In the example, it looks like we're looking at the 'MF' (molecular function) ontology. We need to know the 'offspring' of each term in the ontology, and this is given by the data in

GO.db::GOMFOFFSPRING

I subset this object to contain just the identifiers in slimdf, and coerce the resulting object to a list

gomap <- as.list(GOMFOFFSPRING[rownames(slimdf)])

This is a named list, with each element corresponding to a GO terms that are 'offspring' of the name of the list element

> str(gomap)
List of 24
 $ GO:0000166: chr [1:56] "GO:0000062" "GO:0000774" "GO:0002134" "GO:0002135" ...
 $ GO:0003674: chr [1:11147] "GO:0044183" "GO:0051082" "GO:0000006" "GO:0000007" ...
 $ GO:0003676: chr [1:333] "GO:0000049" "GO:0000182" "GO:0000217" "GO:0000332" ...
...

For each element of the list, I want to find the intersection of the offspring with the identifiers in myCollection

> mapped <- lapply(gomap, intersect, ids(myCollection))
> str(mapped)
List of 24
 $ GO:0000166: chr(0) 
 $ GO:0003674: chr [1:5] "GO:0003677" "GO:0003841" "GO:0004345" "GO:0008265" ...
 $ GO:0003676: chr "GO:0003677"
 $ GO:0003677: chr(0)

which is the information requested; this could be added to slimdf

slimdf$ids <- lapply(gomap, intersect, ids(myCollection))

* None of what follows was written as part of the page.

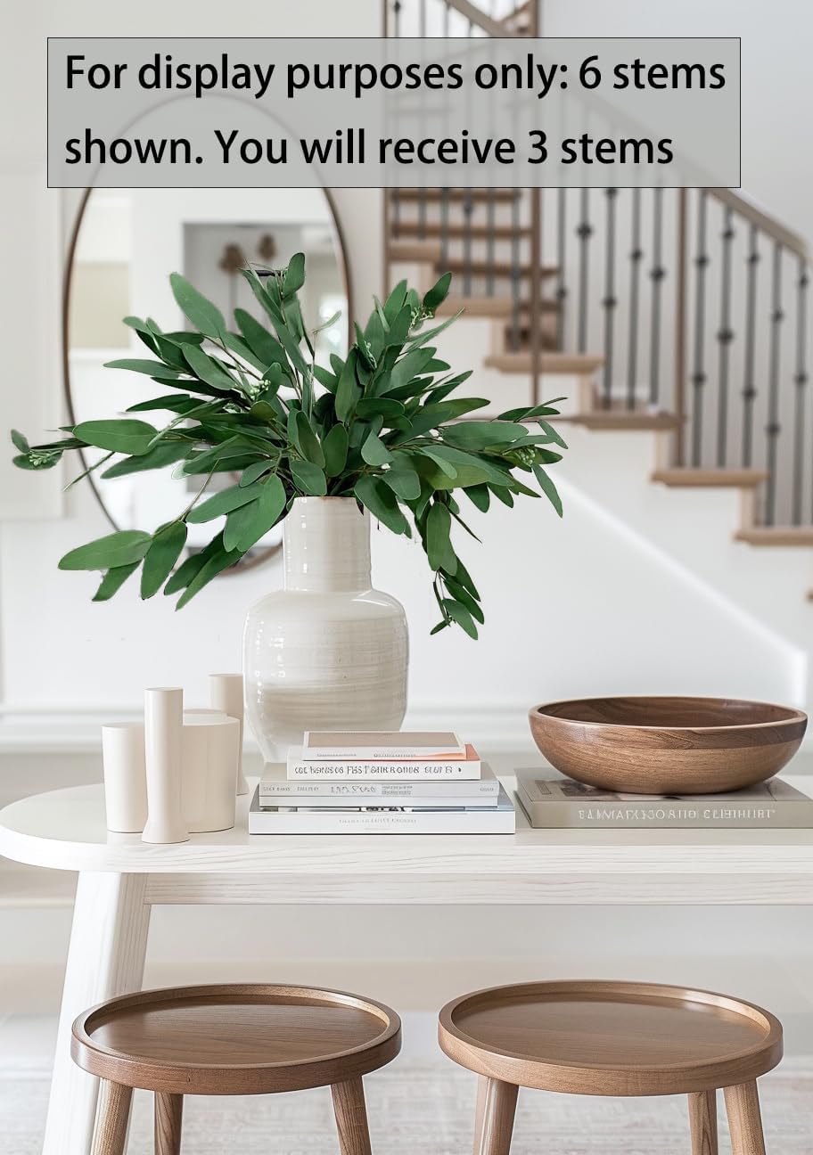 Product Quantity: This listing includes 3 eucalyptus stems. Some images may show more stems to demonstrate possible arrangements and provide styling inspiration. For a fuller look, multiple sets may be required.Display and Decoration: Please note that vases and other decorative items shown in some photos are not included. These items are used to show how our eucalyptus stems can be creatively arranged in your home.Styling Considerations: The images showing larger bouquets are intended to inspire you to create beautiful arrangements by combining multiple sets. The appearance of the stems may vary depending on how they are styled.

A helper function might be written as

mappedIds <-
    function(df, collection, OFFSPRING)
{
    map <- as.list(OFFSPRING[rownames(df)])
    mapped <- lapply(map, intersect, ids(collection))
    df[["mapped"]] <- unname(mapped)
    df
}

and used as

mappedIds(slimdf, myCollection, GOMFOFFSPRING)

ADD COMMENT • link 4.2 years ago Martin Morgan 25k

0

Entering edit mode

Whoa! Thanks so much for the help and quick response!

ADD REPLY • link 4.2 years ago samwhite ▴ 20

1

Entering edit mode

I've updated the function to convert the "mapped" column output to:

Convert from a list to character. This makes the dataframe writeable to csv.
Set a ; delimiter for the GO terms column to simplify downstream parsing.
Update the column name (just a personal preference).

mappedIds <-
  function(df, collection, OFFSPRING)
  {
    map <- as.list(OFFSPRING[rownames(df)])
    mapped <- lapply(map, intersect, ids(collection))
    df[["go_terms"]] <- vapply(unname(mapped), paste, collapse = ";", character(1L))
    df
  }

ADD REPLY • link 4.2 years ago samwhite ▴ 20

0

Entering edit mode

Looks good! A highly technical and irrelevant comment is that OFFSPRING is an environment serving as a hash, and in principle a hash is unordered -- the keys can be arranged arbitrarily, unlike, e.g., a list. So it would be more correct (but less efficient, but correctness is important) to coerce the environment to a list and then subset as.list(OFFSPRING)[rownames(df)].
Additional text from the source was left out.